Since this rock epic will be the crux of the video, I think it’s time to start breaking down the occult connections to BöC’. The first thing we should get out of the way is the band’s ties to Saturn/Cronus; the most obvious inspiration for the Grim Reaper because of his connections to the sickle, the harvest, and time (through his association with the separate entity, Chronos). While the personification of death is a more complicated and less Eurocentric story, for the sake of this post let’s stop there. Both BöC and Cronus, father of the gods, have sickle and cross/crozier in their imagery, the sickle being used by Cronus to castrate his father, the titan Uranus. The alchemical symbol for lead is the same as the symbol of Saturn, the planet, and lead is a rather “heavy metal”.. get it?

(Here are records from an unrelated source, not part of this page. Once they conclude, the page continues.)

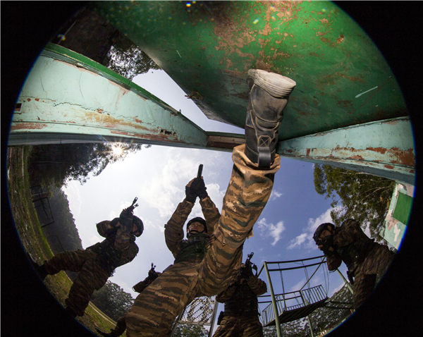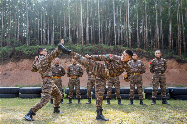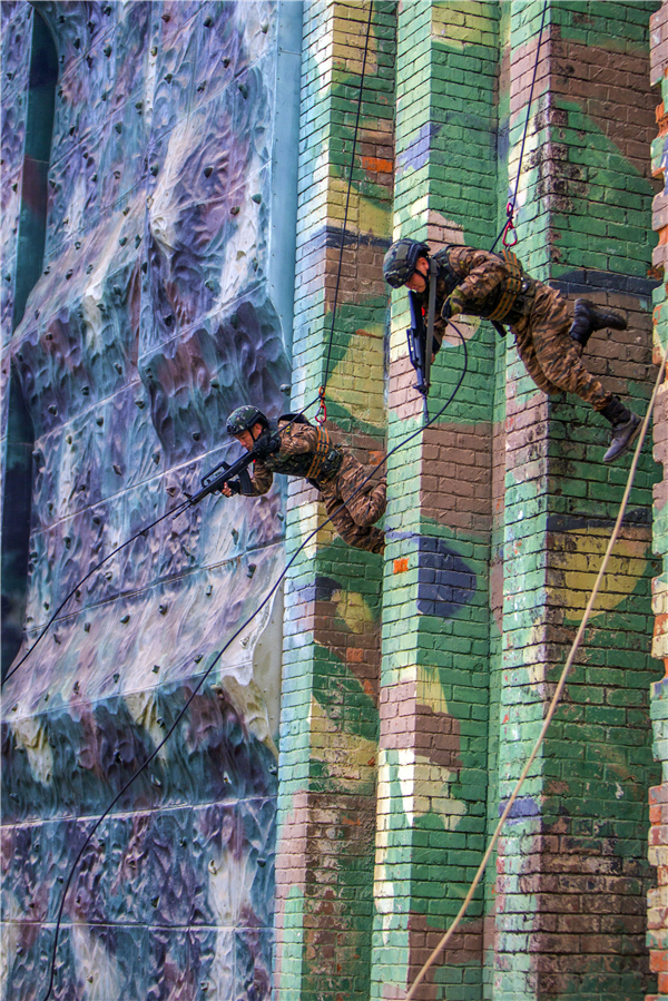武警广西总队机动支队近日紧贴使命任务,从难从严组织特战队员开展战术、攀登、特战小队综合演练等多项实战化课目,全面锤炼特战队员单兵技战术水平与协同作战能力,树立起新年度军事训练向实战化聚焦的鲜明导向。(图文:刘明、余海洋)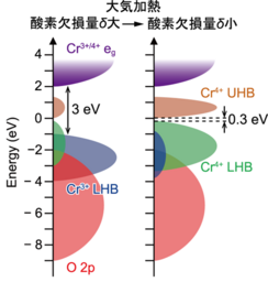 図3. Sr3Cr2O7-δの大気加熱前後でのバンド構造の模式図。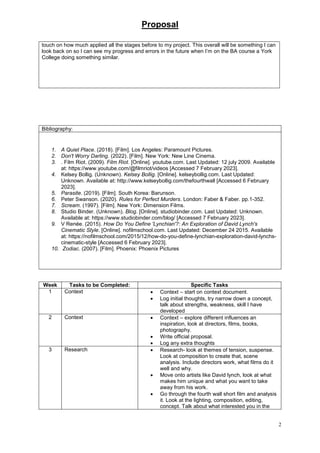 Lily Ajaib is proposing a short film project titled "Present" to be completed by Week 18. The concept is a thriller about a girl receiving a puzzle box that contains threatening messages. Lily will document the process through a production diary and evaluate the final project. Research will include studying techniques for building tension from the works of David Lynch and examining how other films use elements like sound, lighting, and composition to create atmosphere. Pre-production will involve planning, storyboarding, and securing locations and equipment. Principal photography and editing will occur between Weeks 8-11, with evaluation and a presentation in the final weeks.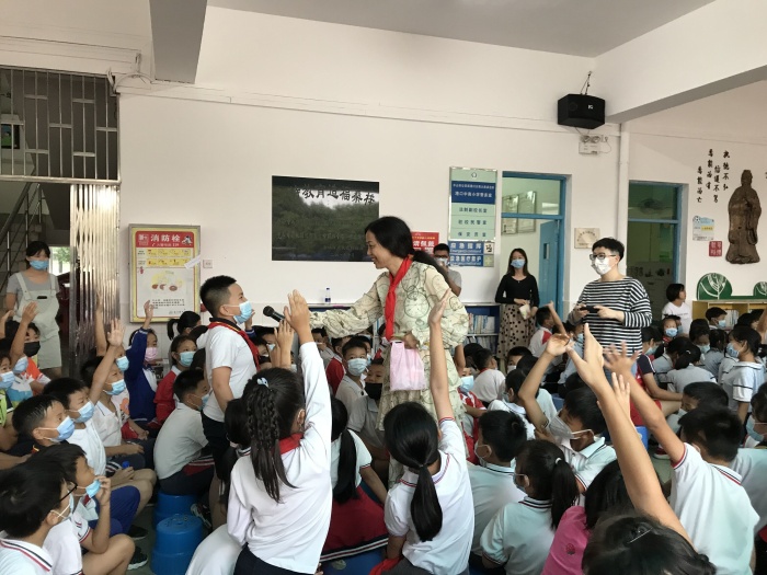 10月13日下午,在淅淅瀝瀝的雨聲中,在老師們的帶領(lǐng)下,著名兒童文學作家郁雨君來到了港口鎮(zhèn)中南小學,給孩子們帶來了一場以“故事的種子從哪里來”為主題的精彩講座。
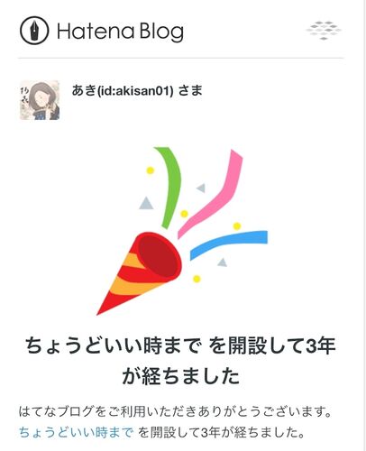 本日2度目の更新です。 先日、はてなからのメールで気づきました。 すっかり忘れていましたが、お蔭さまで、当ブログ「ちょうどいい時まで」は、3年が経過し4年目に突入! この3年間をちょこっと振り返り、自分の記録にしたいと思います。
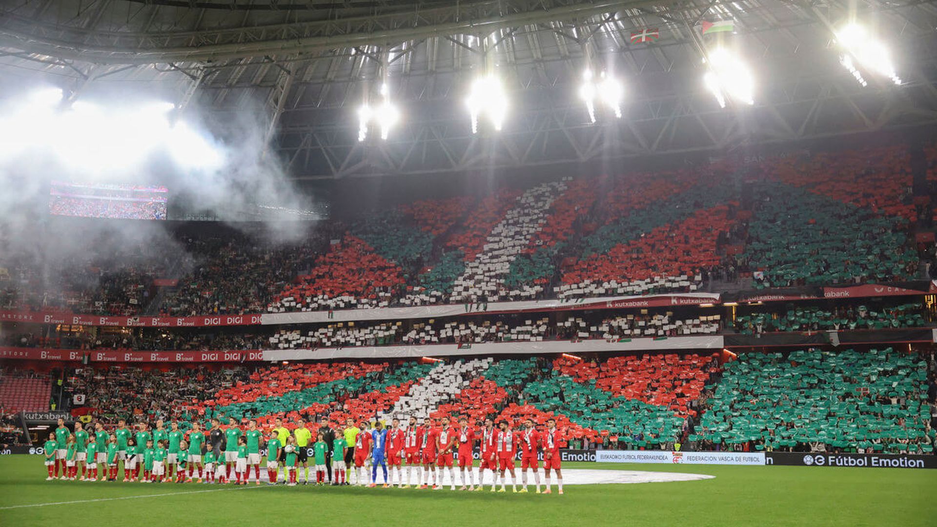 San Mamés se engalana para el Euskadi-Palestina con ikurriñas y peticiones de "parar el genocidio"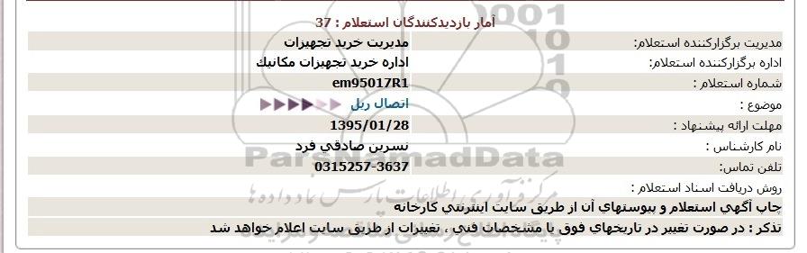 اداره برگزارکننده استعلام: اداره خرید تجهیزات مکانیک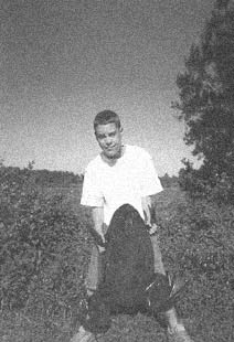 "Scruffs was barking like crazy." Timothy told me, "He would stick his nose into this big bush and then come out and just howl up a storm. I grabbed him back and took a look and saw the frog. He had gotten tangled up in a plastic six pack holder that was caught on a limb so he couldn't go anywhere. I unhooked him and grabbed him by the leg and dragged him out."

The symbol and first two album covers are the work of enigmatic artist/draughtsman Bill Gawlik, who apparently fell off the face of reality by the time of Secret Treaties.
The occult connections don’t stop there. The album cover of Agents of Fortune features a magician (tarot card “I”, the second of the major arcana) holding four tarot cards loosely based Aleister Crowley’s “Thoth” deck (my preferred deck when I used to read tarot, full disclosure). I just can’t seem to get away from that guy.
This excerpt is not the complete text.